ぼくと一緒に居たなおきくんが部屋からぼくを呼んでいる。


 『あそぼ…う。あそぼう…。あそ…ぼ。』


 あそぼう、あそぼう…とぼくを耳の奥から手招きをしている。


 声がぼくを手招いている…。


 『おいで、おいで。』


 声が段々と耳元に近づいて来て、ぼくは先程までの仏頂面を笑顔に切り替えてなおきくんの待っている部屋にたどり着いた。


 『入って。何でもあるよ。じゅーすにおかし、げーむにまんが、すべてすべてぼくと君がすきなものがあるよ。あそぼう、呼んだんだから。あそぼうよ。』


 ぼくはなんの躊躇もなく目の前の扉を無邪気に思いっきり開けた。


 目の前に広がった光景は、只々昔の古き良き時代を彷彿とさせるアナログテレビに二世代前位のゲームが配置されていて、しかもお菓子もジュースも如何にも事前に用意されてたと言わんばかりにテーブルに置かれている。


 ぼくは懐かしいなああの頃の記憶が蘇る…いや、植え付けられた記憶が暴れ出していると言ったほうが正しい。


 …正しいが、そんな事はこの部屋に入ったらどうでもいい思考であることは明白であった。


 天国だ…ぼく達の青春が…思い出が…なおきくんが目の前にある…いる…。


 ぼくははしゃぎながら、ゲームをしているなおきくんの所に向かい、ぼくは元気よくなおきくんに声をかけた。


 「遊びに来たよ!!」


 なおきくんは動かしていたコントローラーを側に置いてゆっくりとぼくの方を振り向いてくれた。

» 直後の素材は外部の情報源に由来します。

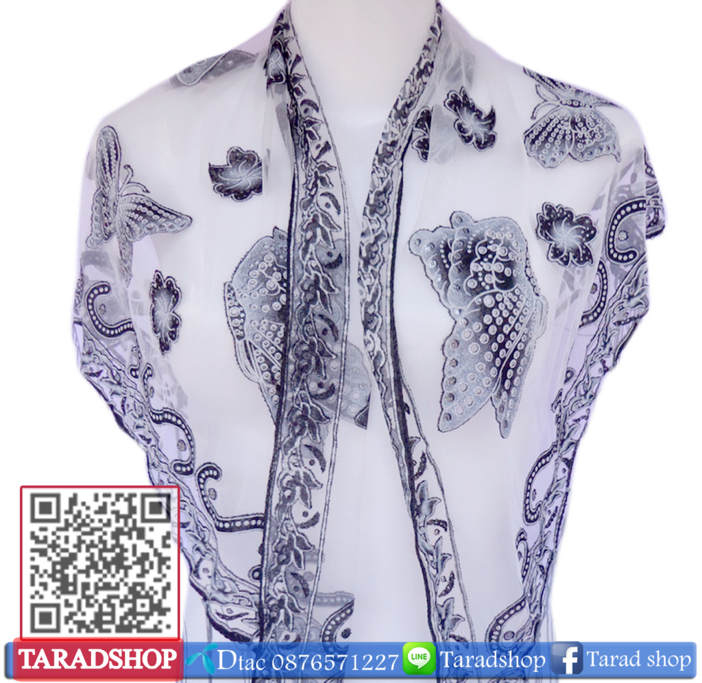 - ผ้าคลุมไหล่ (ขาวเท่าผสมดำ)

 振り向いたなおきくんの顔は、ぽっかりと空洞だった。 




 その空洞の向こう側にはぼくの顔が映っている。


 映った顔のぼくは無表情でぼくを見つめていた。


 先程の声はきっとこの顔から発していたんだと気付いたその瞬間、ぼくは…いや、俺は今の状況が現実とかけ離れていることに…本当の、真実の記憶が漸く己の五感に縛り着いていた偽りの記憶が嘘のように飛んでいった。


 違う!違う違う違う!!直樹なんてやつは知らない!一緒に産まれるわけもないし、一緒に母親と寝たこともない!一緒に遊んだこともない、一緒に学校生活を過ごしたわけもない…ないんだないんだないんだないんだ…!!

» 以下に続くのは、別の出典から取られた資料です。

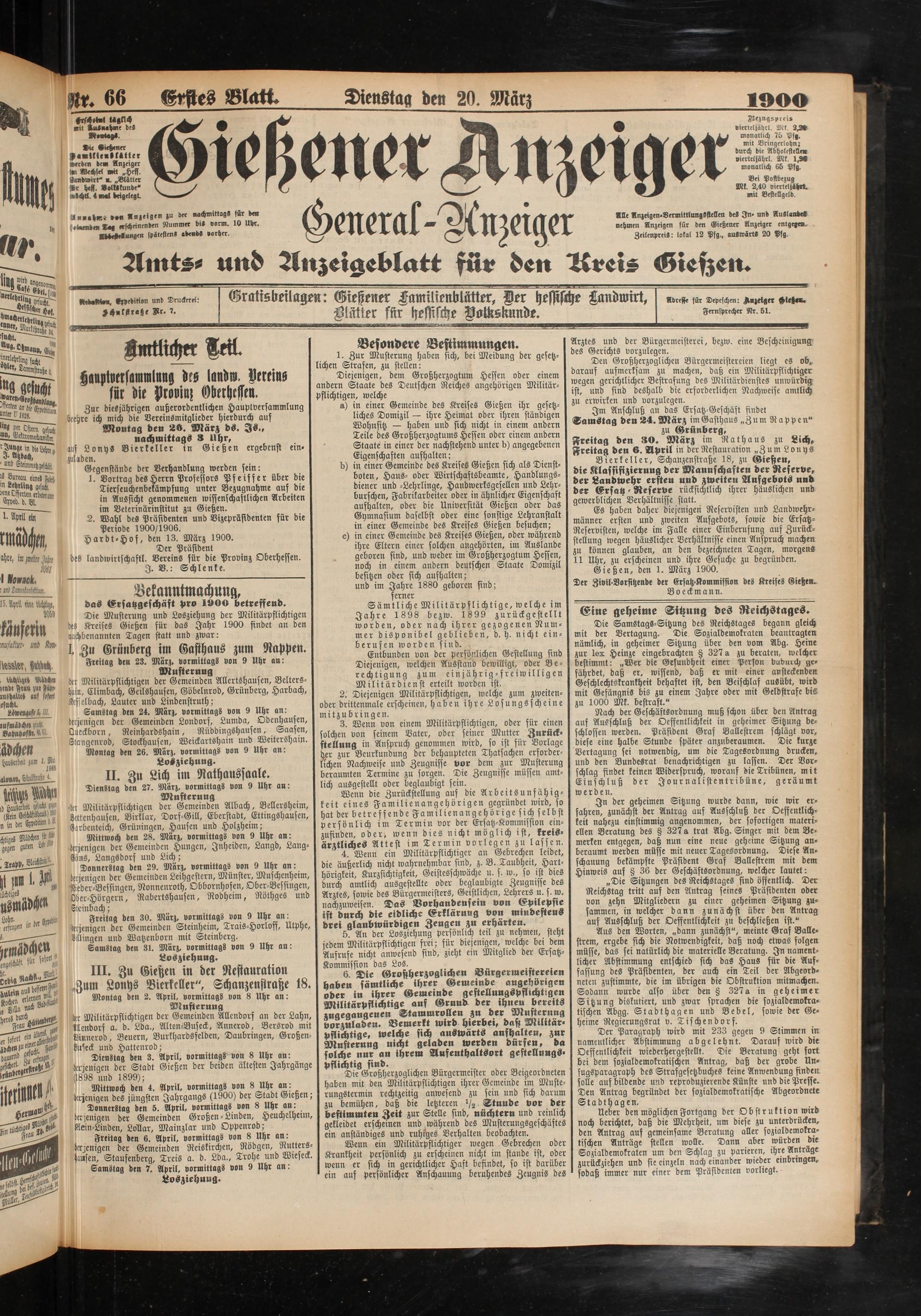 Nr. 66 Erstes Blatt._______Dienstag den 20. März

 あのメール…たった一通のメールを見た瞬間に…俺にあるはずのない記憶が急に脳内に生えてきた!


 誘(いざな)われたんだ…誘われた誘われた!俺は…知るはずのないあり得ない存在に記憶をいつの間にか植え付けられた乗っ取られ、ここに誘導されてしまった!


 俺は漸く正気に戻ったが、この何モノかの空洞の中の俺らしき何かが凝視してるせいで金縛りみたいに体が動かず、その空洞の方に身体が段々と吸い込まれていくように少しずつ固まった身体が移動していく。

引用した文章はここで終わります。